What happened to GSE? 
Any announcement yet? 


Anyone think this is solid?

Im looking for the next KAL, RAU and EXM.


----------



## Allyson (16 December 2007)

What do you think GSE's prosects are now with Elaine Dorothy? I sniff yellow cake...



tigerboi said:


> the news that is about to arrive is the agreement on 2 new tenements prospective for a giant nickel find in the east musgraves,this news was reported in saturdays telegraph business section BIZCON.page 67,anns.due anytime now.wa/wa (tenement name edited) is part of the company's east musgrave joint venture with bhp billiton,which can spend up to $25m for 65%.an announcement is expected at any time


----------



## alankew (25 February 2008)

Must be something going on with this-up 26% on no news and volume pretty substantial, anyone heard any whispers?


----------



## irondragon (25 February 2008)

Released today was a vidcast on Bloomberg.com. John Percival, executive director of Goldsearch, is interviewed. 

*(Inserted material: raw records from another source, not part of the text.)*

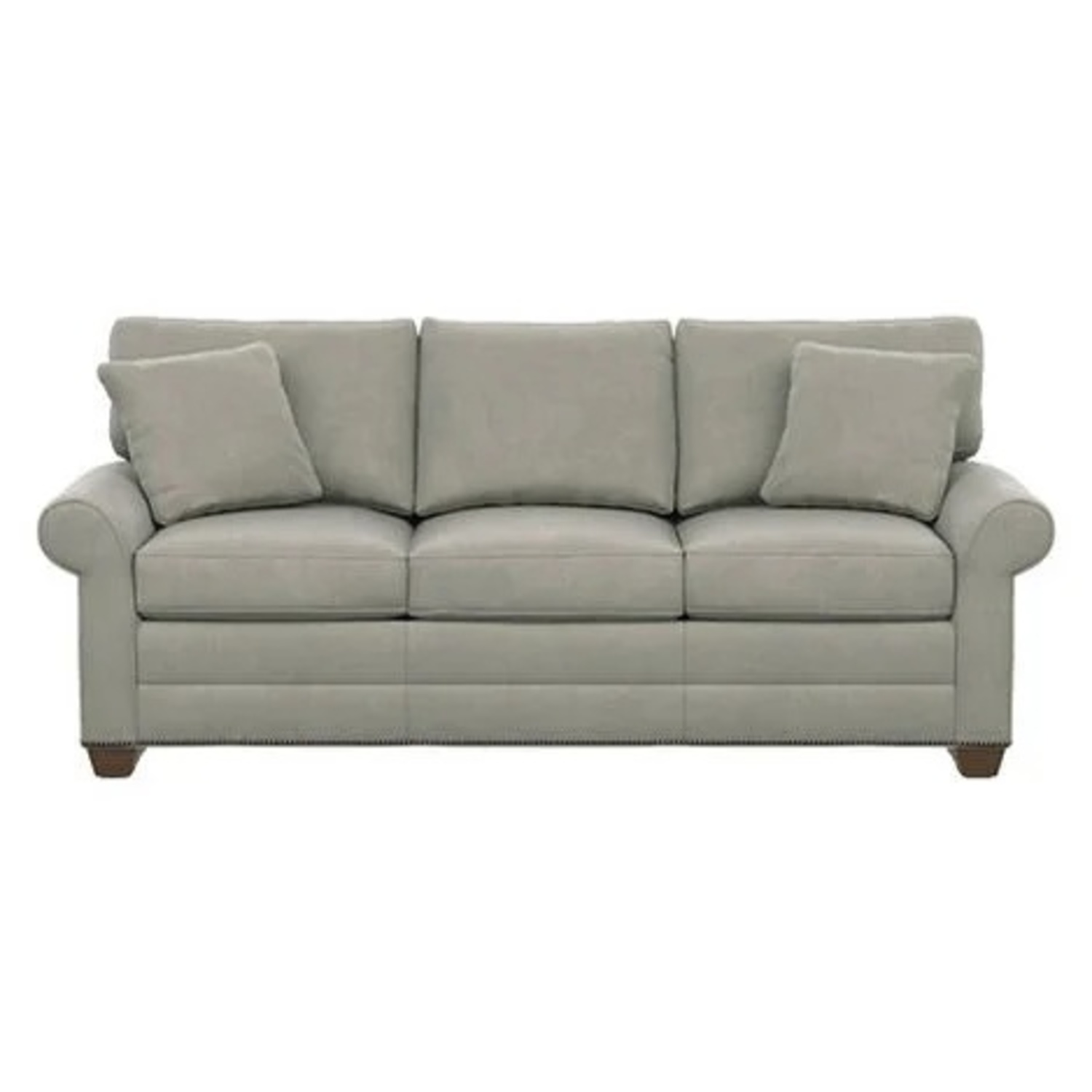 Tailored by hand over a durable engineered wood frame. Two 17" pillows included; optional nailhead available in Design Centers.
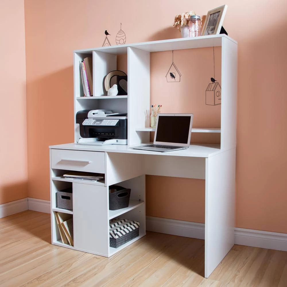 Need a little help organizing your work space. This multi-compartment desk offers a whole range of options to make storage easier. Its open modules are ideal for holding storage baskets, so you can “customize” how you organize things and base it on your needs. The multi-functional hutch was designed to hold a computer monitor, so it frees up space on your work surface and also leaves you the room you need for a printer.
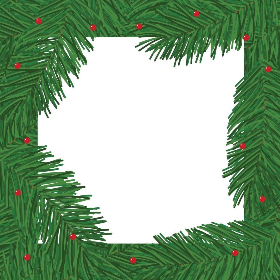 Frame background with spruce branch and red berry for Christmas card. Frame with place for text. Vector illustration Pro Vector
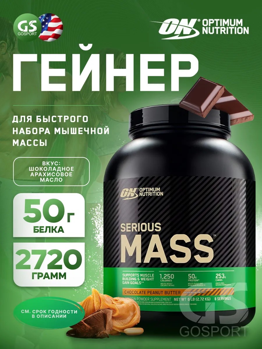 Expires until October 18, 2026. Serious Mass Gainer, 2720 g, Chocolate Peanut Butter. Serious Mass Gainer for Muscle Mass and Weight Gain. This sports product will be your reliable assistant in achieving your fitness goals. With Serious Mass, you will get the necessary amount of protein, carbohydrates, micronutrients, and calories, which will help you gain weight quickly. One of the main features of the Serious Mass gainer is its high protein concentration. The protein blend contained in this product will allow you to get the maximum amount of protein necessary for muscle building. The protein blend, which is part of the Serious Mass gainer, provides your body with the amino acids necessary for muscle growth and recovery after training. Serious Mass Gainer also contains BCAAs (amino acids), which promote more efficient protein synthesis and accelerate muscle recovery. This allows you to train more intensely and achieve better results. A carbohydrate blend provides immediate energy and increases endurance during intense strength training. Creatine serves as a source of energy for muscle work and helps distribute energy. Creatine monohydrate increases strength and endurance and helps build muscle mass faster. This sports nutrition can be used not only for weight gain but also as an additional source of BCAA amino acids and creatine. Serious Mass Gainer from Optimum Nutrition is a component of professional sports nutrition for athletes and those involved in sports or fitness. The product is suitable for men and women who care about their health and beauty. Directions for use: Add two scoops of Serious Mass to 680 ml of cold water or milk. During the first week, consume only half a serving.
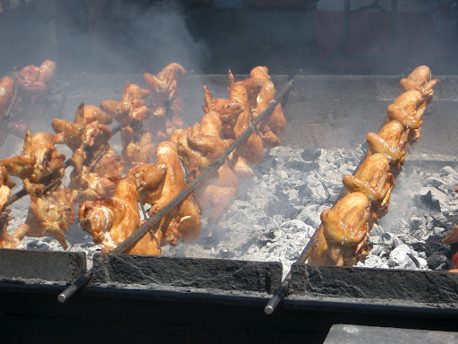 Except for this one fair (held in early February), nobody else has these chickens cooked the way they are supposed to be cooked. The gas machine with spits is the usual way.
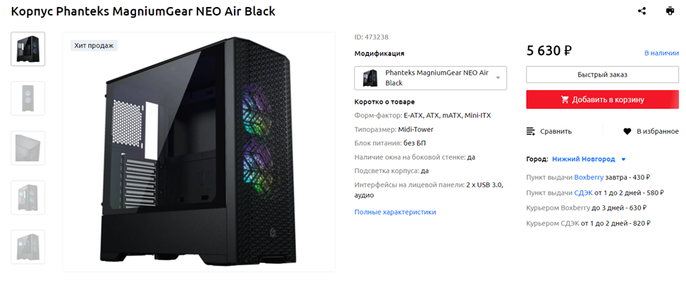 Разместить все перечисленное железо можно, например, в корпусе Phanteks MagniumGear NEO Air. Это современный, просторный, продуманный и стильно выглядящий кейс, по-умолчанию оснащенный двумя предустановленными вентиляторами – тихими, но достаточно эффективными. В таком корпусе можно собрать и гораздо более производительную и энергоемкую конфигурацию – с продуваемостью у него все отлично. Также среди преимуществ шасси отмечу отличную организацию пространства, высокое качество используемых компонентов и сборки, наличие пылевых фильтров и системы прокладки кабелей. В своей ценовой категории Phanteks MagniumGear NEO — один из лучших корпусов по совокупности характеристик, особенно с учетом подорожания ряда конкурентов.

A quick overview from memory is : 
- GSE coming to a threshold and expecting major change. 
- GSE has been waiting 12 years to get into the Musgrave in Sth Aust. No serious work done in this area since 1970's. Potential for nickel mineralisation : BHP and IG $25 milll JV. Land clearance happening in March. Active drilling March/April. 
- Gold in Victoria, will be drilling deeper holes : March. 
- Weather has delayed things in QLD (esp drills) but hope to be active asap (March/April ... i think). 

Pretty much info that is already known from the last quarterly.  However, from the video, John Percival appears confident that GSE is about to enter a 'rapid growth' phase.


----------



## scuffler (3 March 2008)

Can we get to the video from a link or is that a no no ??

I have held these for months now and as we are about to go into overdrive for the price of gold I thought it was a good idea to hold thru 08 also.

I notice its quite hard getting a decent position in GSE....the voulme the other day was its highest since October last year.

p.s Hope this was ok prawn


----------



## LostInTransit (24 August 2009)

This is the worst stock in my portfolio by far. Noooothiiing is happening with GSE unless some one has more info. Problem is I have lost 98% of my shares so there is nothing else left that I can loose   ..well another 2% to go.


----------



## qe2infinity (6 January 2011)

a lot more interest now...up 100% so far today, a rare earth deposit discovery has brought in many buyers..


----------



## System (2 May 2017)

On May 2nd, 2017, Goldsearch Limited (GSE) changed its name and ASX code to Zoono Group Limited (ZNO).


----------



## pixel (18 September 2017)

System said:


> On May 2nd, 2017, Goldsearch Limited (GSE) changed its name and ASX code to Zoono Group Limited (ZNO).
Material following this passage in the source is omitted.